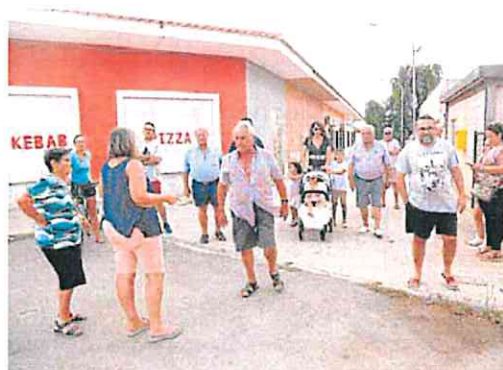
Vecinos de La Aljorra patrullan las calles, el viernes
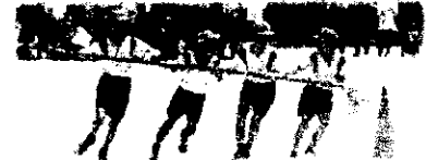
3・4年生「巻き起こせ!風早旋風」
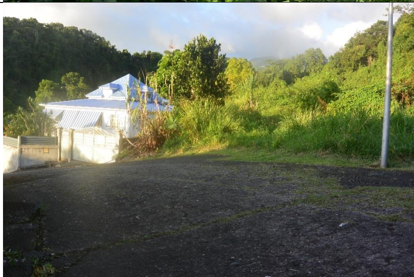
Photo 3 Tracé de la conduite forcée sur voirie communale (avant arrivée sur la D9)
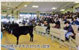
「但馬牛子牛のせり市」見学
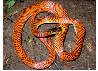
244 Oxyrhopus formosus COLUBRIDAE
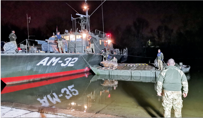
A robbanószerkezet előkészítése az elszállításra

emelésére. A tüzserészekon kívül számos társ- és kormányzati szervezet vett részt a feladat előkészítésében és végrehajtásában. Reggel 7 órától mintegy 600 rendőr indult el a korábban kijelölt budafoki városrész kiürítésének megkezdésére és a lezárandó útszakaszok biztosítására. Munkájukat katasztrófavédelmi szakemberek, polgárőrök, egészségügyi dolgozók és még sokan mások is segítették. Az otthonukat vagy éppen munkahelyüket elhagyni kényszerült embereket, amennyiben szükség volt rá, a közeli iskolákban és szociális intézményekben helyezték el; ez főleg az idős, beteg embereket és kisgyermekes családokat érintette. Ezek a pontokon minden szükséges ellátást megkaptak a rászorulóok. A késő délelőtti órákra megtörtént a terület evakuálása, majd ezek után a 6-os főút és a környező utcák lezárására is sor került.
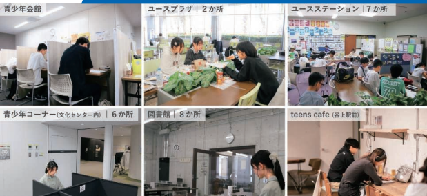
先行実施した自習室(神戸市資料より)
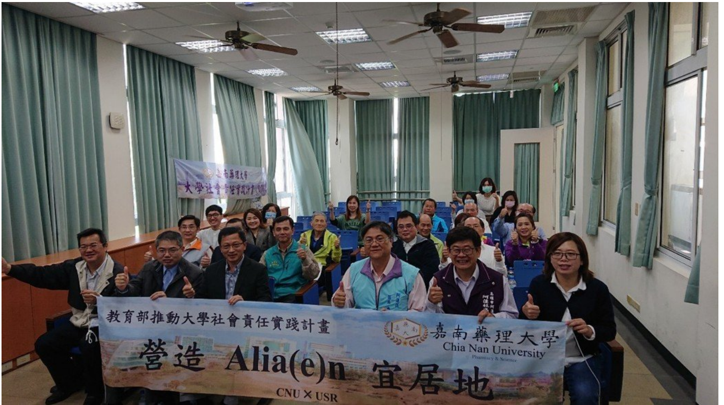
高雄市阿蓮區社區照護照護團隊成員大合照。
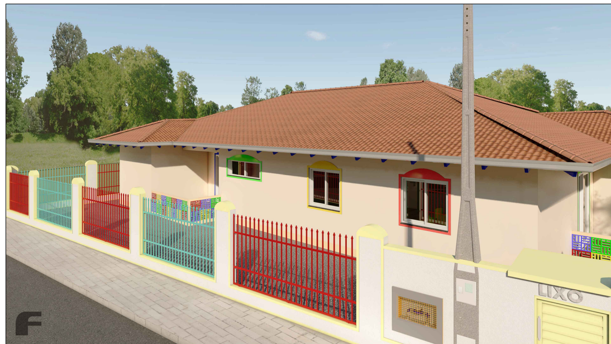
ELEVAÇÃO - 09
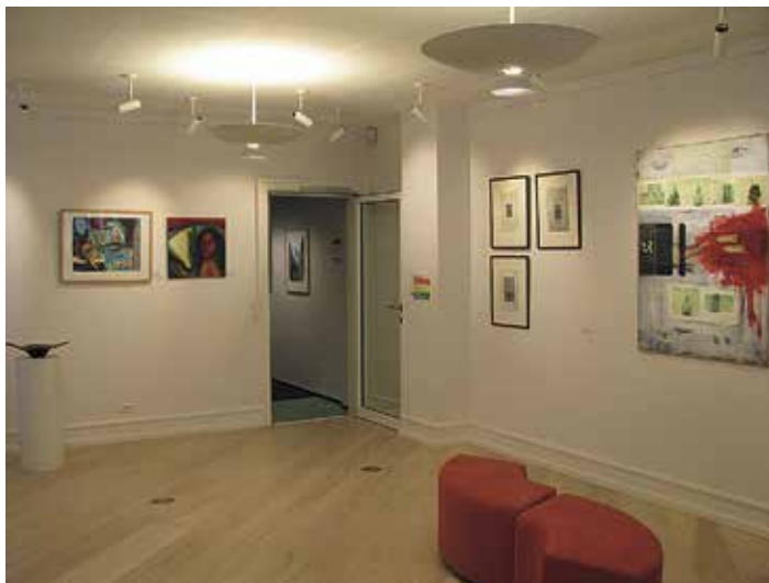
Galleri KALAK, 2011.
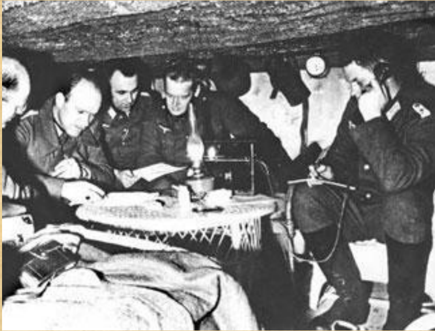
Немецкие офицеры над разработкой операции «Цитадель»

Окончательно похоронило гитлеровскую операцию "Цитадель" крупнейшее за всю вторую мировую войну встречное танковое сражение под Прохоровкой. Оно произошло 12 июля. В нем с обеих сторон одновременно участвовали 1200 танков и самоходных орудий. Это сражение выиграли советские воины. Фашисты, потеряв за день боя до 400 танков, вынуждены были отказаться от наступления.
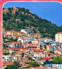
หมู่บ้านชาวประมงซาจื่อไว่
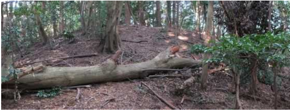
倒木が横たわる斜面を登って行く。

About this task
Look back at the data above, then output exactly the lines from the line holding "高雄市阿蓮區社區照護照護團隊成員大合照。" up to and including the line holding "Немецкие офицеры над". Leave out the pictures.

Solved exercise
高雄市阿蓮區社區照護照護團隊成員大合照。
ELEVAÇÃO - 09
Galleri KALAK, 2011.
Немецкие офицеры над разработкой операции «Цитадель»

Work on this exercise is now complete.